Scipy curve_fit giving wrong results for powerlaw

58 views Asked by At

I have list of degrees of nodes in a network and I want to fit a powerlaw distribution to this empirical degree distribution. I am able to do it using the powerlaw library but for some reason get bad results when trying using the scipy curve_fit function.

I have a list of degrees of a network called degree. I am able to fit a powerlaw distribution to these degrees via the powerlaw library. I do so as follows:

import powerlaw as pwl

fit_function = pwl.Fit(degree,xmin=1)

alpha = fit_function.power_law.alpha
sigma = fit_function.power_law.sigma
xmin = fit_function.power_law.xmin

print("alpha = ", alpha)

I end up obtaining alpha = 2.5 which is exactly in the range one would expect from a social network. I am then able to plot the data against this fitted distribution on a log log plot and get a nice looking result:

def powerlaw(x,alpha):
    y = (alpha - 1) *(x)**(-alpha)
    return y

x = np.linspace(min(unique_degrees), max(unique_degrees), 1000)
y = powerlaw(x, alpha)

plt.loglog(unique_degrees, counts_pdf, 'o', label='Degree Distribution')
plt.loglog(x, y, c='r', label='Fitted Power Law')

plt.legend()
plt.show()

Now when I try this using the scipy curve_fit problem:

def powerlaw(x,alpha):
    y = (alpha - 1) *(x)**(-alpha)
    return y

bounds = ([2, 3])
p0 = [2.5]
params, _ = curve_fit(powerlaw,unique_degrees, counts_pdf,p0=p0,bounds=bounds)

print("alpha = ", params[0]

When I do this without the bounds I get a value of alpha = 1.46. When I include the bound, provided that the lower bound is always greater than 1.46, my alpha always equals this lower bound.

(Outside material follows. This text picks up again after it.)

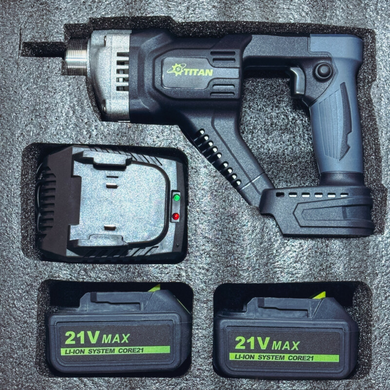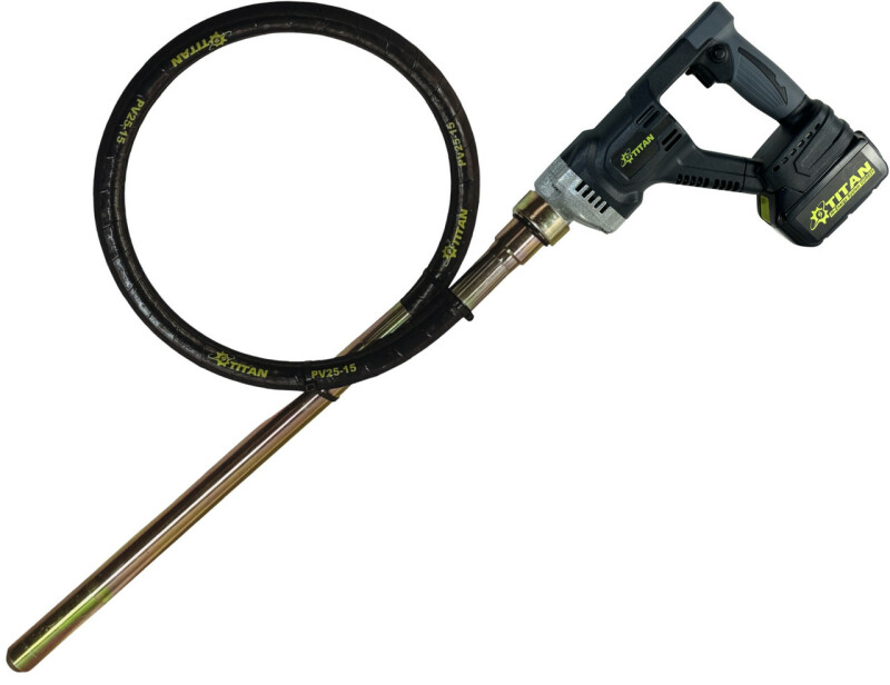 TITAN SYSTEM CORE 21 PGV621B-CORE, Вибратор глубинный аккумуляторный 21В, бесщёточный. Технические характеристики Частота вращения на холостом ходу - 4000 об/мин. Амплитуда колебаний - 1мм Радиус распространения колебаний - 25см. Бесщеточный двигатель 21В. Максимальная мощность - 600Вт. Диаметр булавы - 25мм Длина гибкого вала - 1500мм Питание от батарей - 18-21В Вес без батареи - 1,1 кг. Вес с батарей 5Ач - 1,7 кг. Вес с батарей 5Ач и вибробулавой - 4,8 кг. Преимущества ● Вибратор глубинный аккумуляторный 21В TITAN PGV621B-CORE совместим со всеми батареями системы TITAN CORE 21, а так же с помощью системы адаптеров, можно использовать батареи почти всех производителей аккумуляторного инструмента (адаптеры поставляются опционно). ● В глубинном вибраторе TITAN PGV621B-CORE установлен современный бесщеточный двигатель с высоким КПД, обеспечивающий большую мощность и продолжительность работы без подзарядки. Не требует технического обслуживания. ● Защищённая от воды кнопка. ● Прочный металлический корпус редуктора, обеспечивают высокий ресурс инструмента. ● Всторенная защита от переразряда батареи. ● Эргономичный дизайн с мягкой прорезиненной ручкой, предотвращающей скольжение и поглощающей вибрацию. ● Применяется для создания высококачественного бетона, путем удаления мельчайших пузырьков воздуха, которые в последствии могут привести к уменьшению прочности конструкции. Комплектация ● Вибратор глубинный PGV621B-CORE 1шт. ● Виброшланг с булавой - 1шт. ● Инструкция по эксплуатации - 1шт. ● PGV621B-CORE SET2 Поставляется с 2 батареями BBL2150-CORE 5.0 Ач и зарядным устройством.

I've tried plotting the data on a loglog plot and the results do not look good:

x = np.linspace(min(unique_degrees), max(unique_degrees), 1000)
y1 = powerlaw(x,\*params)

plt.loglog(unique_degrees, counts_pdf, 'o', label='Degree Distribution')
plt.loglog(x, y1, c='g', label='Fitted Power Law 1')

plt.legend()
plt.show()

Am I doing something wrong?

1

There are 1 answers

0
jlandercy On

When you formulate a regression problem in a non linear fashion you probably shape multiple minima on the error function to be minimized.

Below an example of such case:

MCVE

Let's create a plausible dataset:

import numpy as np
import matplotlib.pyplot as plt
from scipy import optimize

def model(x, alpha):
    return (alpha - 1.) * np.power(x[:, 0], -alpha)

# Generate synthetic data with proportional noise
np.random.seed(12345)
X = np.linspace(1, 50, 30).reshape(-1, 1)
y = model(X, 2.5)
s = 0.05 * np.abs(y)
yn = y + s * np.random.normal(size=y.shape)

If we fit without precaution, we got:

# Optimization with default initial guess (unitary)
popt, pcov = optimize.curve_fit(model, X, yn, sigma=s, absolute_sigma=True)
# (array([1.00692318]), array([[6.30590102e-09]]))

enter image description here

If we draw the error function, we see the existence of two minima in your NLLS formulation:

enter image description here enter image description here

To reach the optimum it is sufficient to move the initial parameters to the right of the peak:

# Optimization with educated guess:
popt, pcov = optimize.curve_fit(model, X, yn, sigma=s, p0=(3.,), absolute_sigma=True)
# (array([2.49840598]), array([[1.36086962e-05]]))

enter image description here